Митя кивнул, впираясь взглядом в разложенную карту на столе, каждую линию которой он уже знал, кажется, наизусть.

— Мы победим, — взгляд Катамаранова смягчился. Он криво улыбнулся, а сам потянулся за дротиком, который лежал рядом с ладонью Жилина.

Мите лишь оставалось наблюдать за тем, как Игорь втыкает алый дротик в самый центр карты — там, где было жирным красным цветом обведено логово противника.

Победа далась им непросто. Выжили тогда немногие. Из взвода, в котором состояло около тридцати человек, едва осталось пятеро к окончанию войны.

***

Митя напряженно, отчаянно курил в больнице. Его побитый взгляд бегал по белым стенам, а сам он, который, вроде бы, должен был праздновать долгожданную победу, только смотрел в пол и едва слышал окружающих людей.

Жилин не знал, сколько провел тут времени. Рядом с ним сидели все выжившие ребята и преданно ждали, когда перед ними откроется дверь и выйдет хирург.

Спустя пару часов дверь открыли.
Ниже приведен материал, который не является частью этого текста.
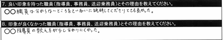 7.良い印象を持った職員/〇〇・〇〇・〇〇・○○指導員 ていねいに教えてくれるしわかりやすい |
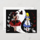 Two Alices - dark and sultry gothic lolita and a prim, pure original maid - look into their reflection from each side of a Yin Yang symbol. Framed by red and silver hearts, a white rabbit and the Cheshire cat sit at their feet.
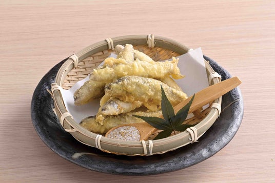 [岐阜県産]稚鮎の天ぷら~山椒塩添え~外はカラッと軽やかに、中はふっくら柔らかく揚げた稚鮎は、初夏にしか味わえない繊細で上品な逸品です。お酒との相性も抜群です。

Митю как будто подкинуло с места, он до боли закусил костяшки и с мольбой и надеждой во взгляде спросил единственное, что билось в уме:

— Выжил?

Хирург, коим был старый седовласый мужчина, вздохнул тяжело, посмотрел ласково и понимающе — так, как умеют только врачи — и кивнул. Митя вздрогнул, моргнул и почувствовал, как гора падает с его плеч. Он сам обессилено упал на лавку, протирая свои красные, воспаленные глаза, а ребята, сидевшие рядом, все еще в форме, с оружием, перепачканные в крови и грязи, радостно улыбались, пихая друг друга в плечи и поглядывая на их командира.

Хирург посмотрел на Жилина, потрепал его за волосы, будто родного сына, и кивком пригласил в палату. Митя посмотрел на него самым благодарным взглядом, прошептал тихое, понятное без слов «спасибо» и зашел в комнату, оставив весь свой взвод позади.

Он тогда еще долго просидел, вглядываясь в болезненные, худые черты лица Игоря и думал, думал о том, как же чертовски боялся потерять этого несуразного паренька, который ему приглянулся с самой первой тренировки.

Митя смеялся и беззвучно плакал, вспоминая дни, когда все были живы.

Момент, когда Катамаранов порывисто задышал и открыл глаза, стал той самой вещью, давшей четко и предельно ясно понять командиру, за что он воевал.

Митя упал тогда Игорю в плечо, обнял любовно и тихо прошептал:

— Глупый-глупый, зачем же ты туда пошел. Ты же знал, Горь, ты прекрасно знал, что там враги сидят. Ты же знал, что не сможешь спасти нашего. Нужно было договориться — я это и должен был сделать по плану, — а не бежать с гранатой наперевес… Горя, какой же ты идиот, Горь, — Жилин гладил Катамаранова по темным волосам и позорно всхлипывал тому в шею.

Игорь же лишь посмотрел в потолок, накрыл руку Мити своей и сжал крепко-крепко.

— О-они тебя и ж-ждали, — тихим, хриплым голосом ответил Игорь. — Если б-бы ты пошел, они б шант-шантажировать начали. Мить, я тебя спасти хо-хотел, М-мить.

Жилин тяжело вздохнул, привстал, да посмотрел в слишком умные, слишком взрослые не по годам глаза Катамаранова. Он поджал губы и осторожно, со всей нежностью, которая только могла быть в командире, поцеловал Игоря. Катамаранов улыбнулся и почувствовал, как щиплют раны на лице слезы, которые скатывались с щек Жилина.

Только тогда, в этой больничной палате, пропахшей насквозь спиртом и горечью, когда Митя целовал живого Игоря, он смог наконец сказать хотя бы самому себе, что они и вправду победили.